START Information supplied

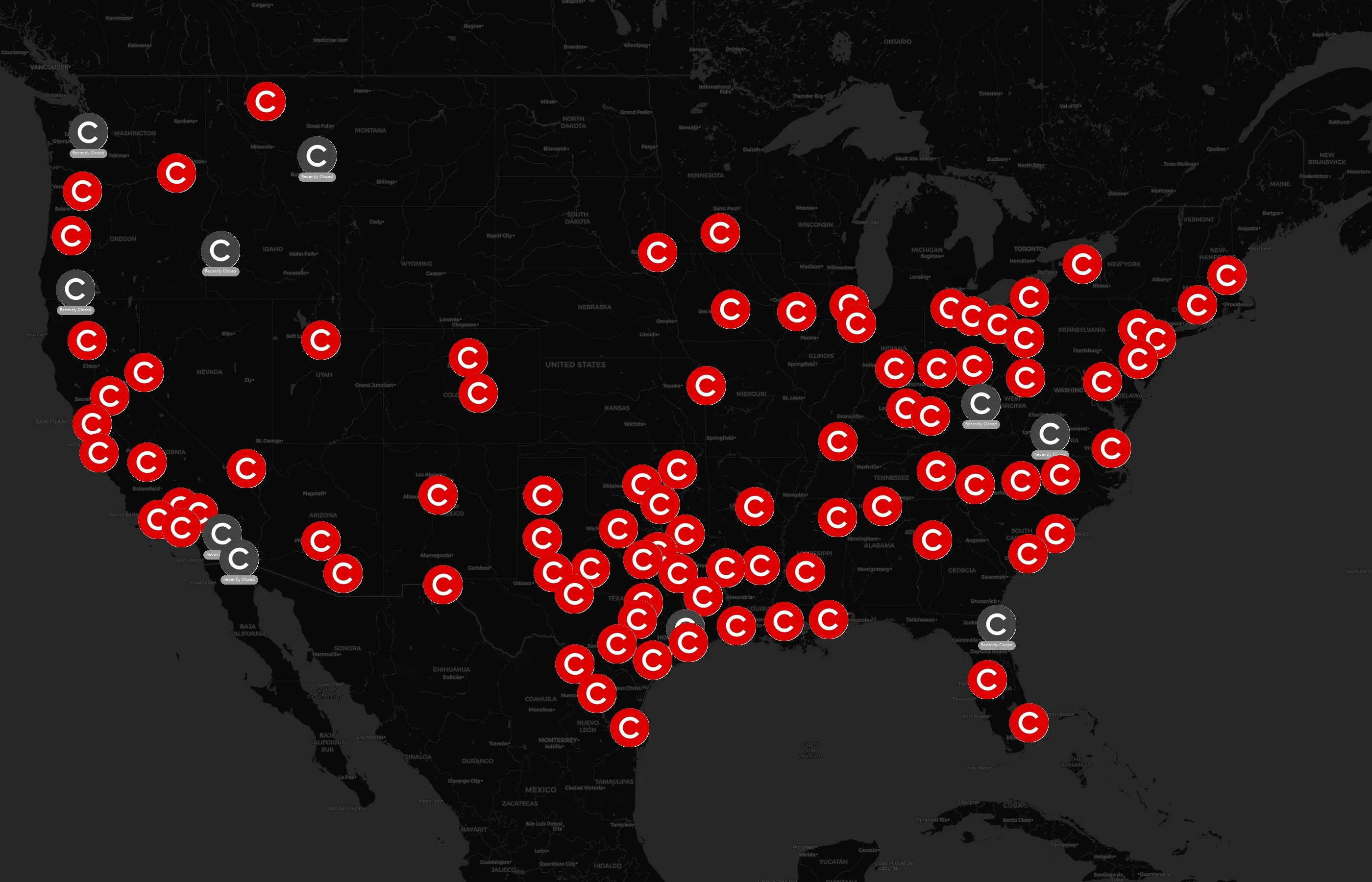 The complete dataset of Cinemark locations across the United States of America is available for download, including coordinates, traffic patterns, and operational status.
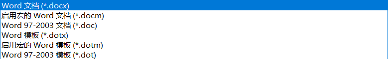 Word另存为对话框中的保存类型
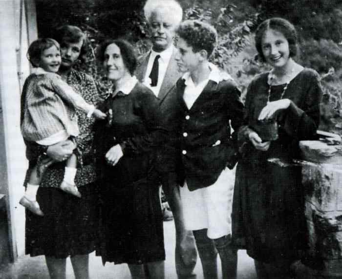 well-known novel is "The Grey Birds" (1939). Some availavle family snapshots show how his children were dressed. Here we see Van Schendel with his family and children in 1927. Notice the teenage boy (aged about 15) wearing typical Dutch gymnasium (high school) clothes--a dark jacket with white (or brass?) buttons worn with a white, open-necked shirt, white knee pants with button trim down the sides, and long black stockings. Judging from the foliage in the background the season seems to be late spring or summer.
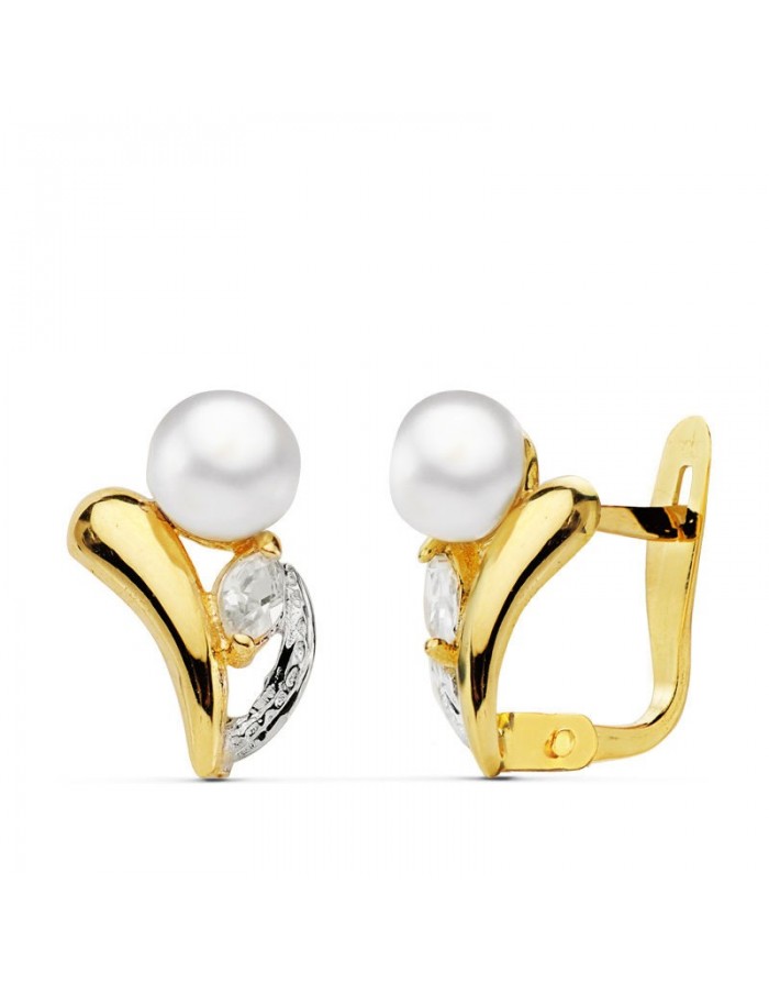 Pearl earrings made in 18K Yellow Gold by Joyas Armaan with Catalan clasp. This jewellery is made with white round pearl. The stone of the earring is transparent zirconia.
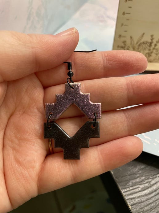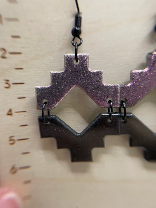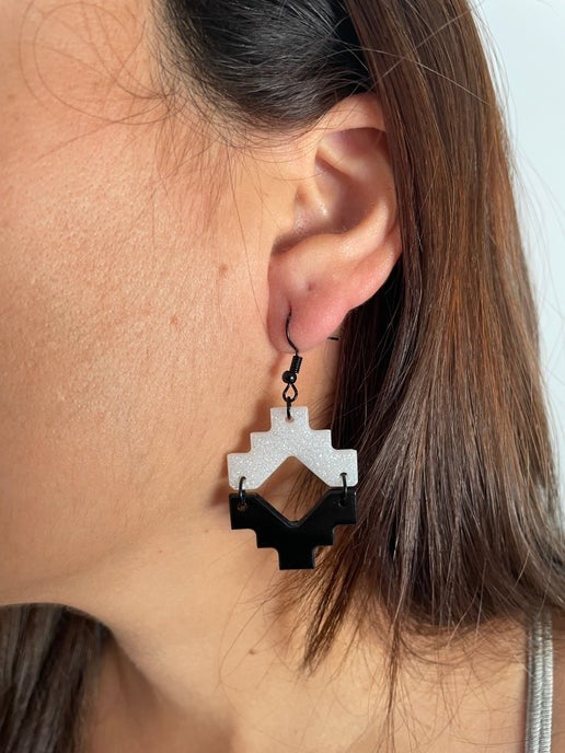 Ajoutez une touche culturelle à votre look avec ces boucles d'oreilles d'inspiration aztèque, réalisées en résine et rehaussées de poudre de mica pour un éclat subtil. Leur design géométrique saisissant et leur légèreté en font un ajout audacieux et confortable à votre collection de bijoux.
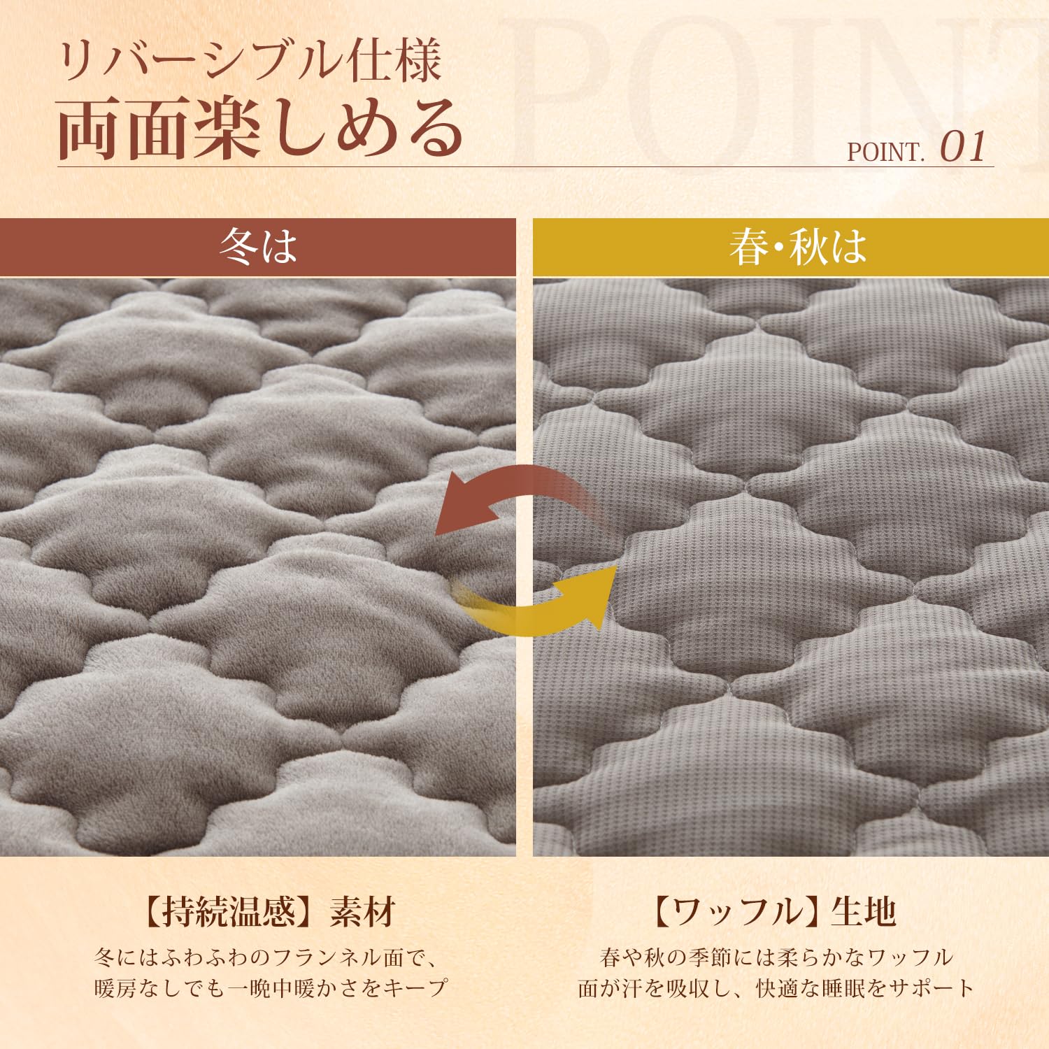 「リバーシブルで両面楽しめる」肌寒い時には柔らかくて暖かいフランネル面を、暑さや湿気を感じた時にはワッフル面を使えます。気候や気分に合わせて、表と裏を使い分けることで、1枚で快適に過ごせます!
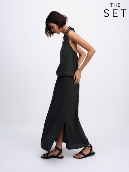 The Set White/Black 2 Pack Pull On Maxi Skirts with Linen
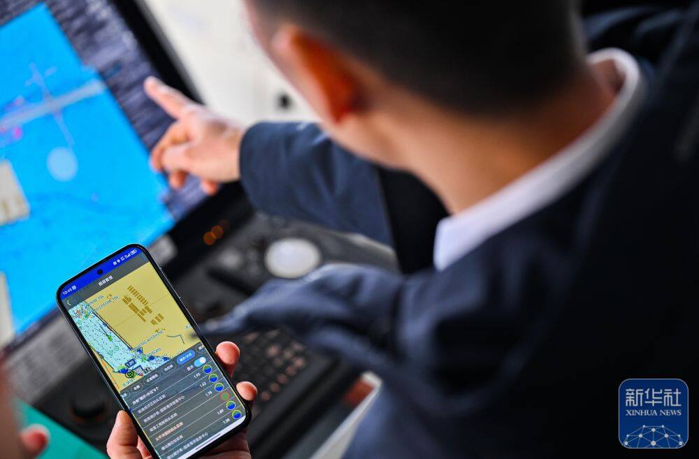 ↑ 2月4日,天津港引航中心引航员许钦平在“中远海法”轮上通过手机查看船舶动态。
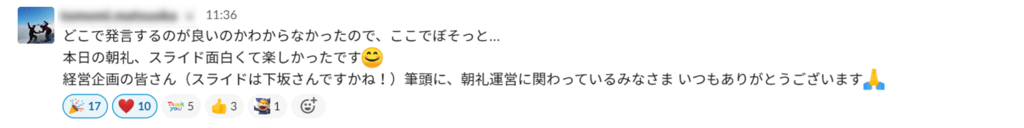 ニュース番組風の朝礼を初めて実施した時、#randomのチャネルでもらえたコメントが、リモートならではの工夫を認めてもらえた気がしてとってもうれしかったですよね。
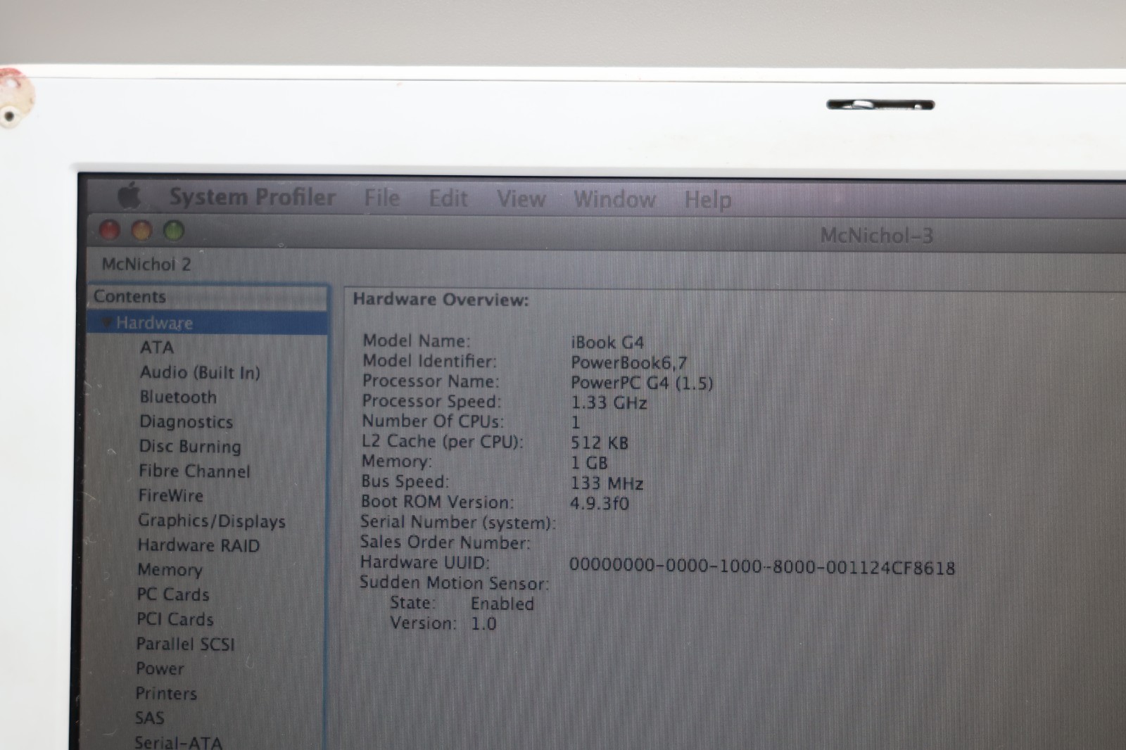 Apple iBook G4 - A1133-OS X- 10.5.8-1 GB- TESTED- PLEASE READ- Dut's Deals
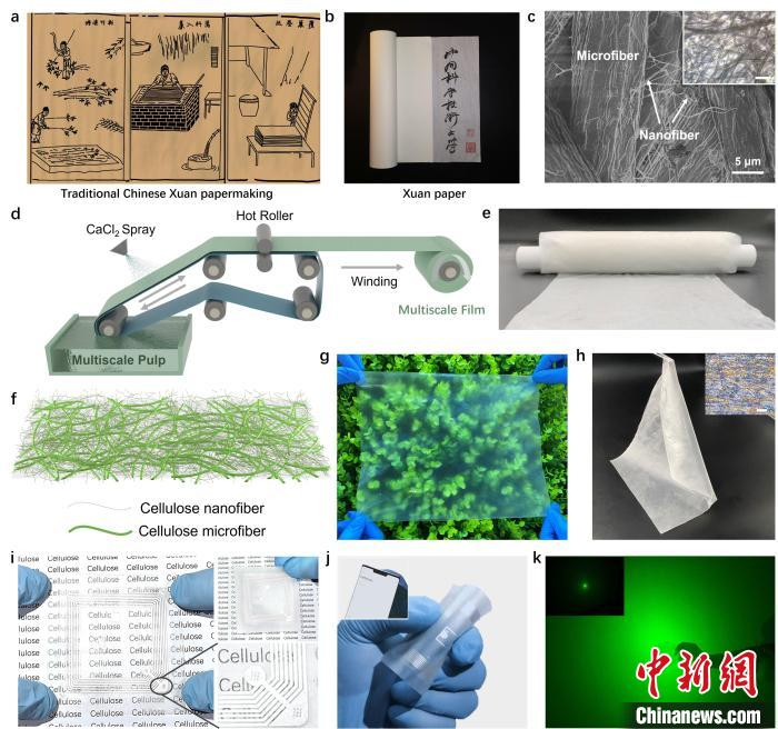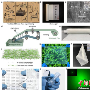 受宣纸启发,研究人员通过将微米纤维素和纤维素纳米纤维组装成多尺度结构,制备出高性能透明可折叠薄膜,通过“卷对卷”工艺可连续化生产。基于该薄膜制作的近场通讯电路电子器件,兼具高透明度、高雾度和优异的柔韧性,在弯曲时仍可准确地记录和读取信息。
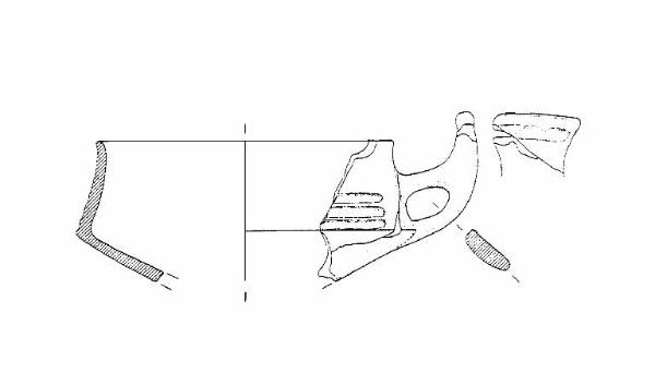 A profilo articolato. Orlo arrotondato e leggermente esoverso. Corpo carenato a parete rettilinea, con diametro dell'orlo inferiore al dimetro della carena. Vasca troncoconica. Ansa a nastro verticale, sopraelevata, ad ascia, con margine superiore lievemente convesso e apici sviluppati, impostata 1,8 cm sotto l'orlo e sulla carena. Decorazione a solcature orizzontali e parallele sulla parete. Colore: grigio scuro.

END Information supplied

Exercise directions ▸ Could the stretch from the line with "well-known novel is" through the line with "Ajoutez une touche" in the listing above be restated word for word, minus the pictures?

Task answer ▸
 well-known novel is "The Grey Birds" (1939). Some availavle family snapshots show how his children were dressed. Here we see Van Schendel with his family and children in 1927. Notice the teenage boy (aged about 15) wearing typical Dutch gymnasium (high school) clothes--a dark jacket with white (or brass?) buttons worn with a white, open-necked shirt, white knee pants with button trim down the sides, and long black stockings. Judging from the foliage in the background the season seems to be late spring or summer.
 Pearl earrings made in 18K Yellow Gold by Joyas Armaan with Catalan clasp. This jewellery is made with white round pearl. The stone of the earring is transparent zirconia.
 Ajoutez une touche culturelle à votre look avec ces boucles d'oreilles d'inspiration aztèque, réalisées en résine et rehaussées de poudre de mica pour un éclat subtil. Leur design géométrique saisissant et leur légèreté en font un ajout audacieux et confortable à votre collection de bijoux.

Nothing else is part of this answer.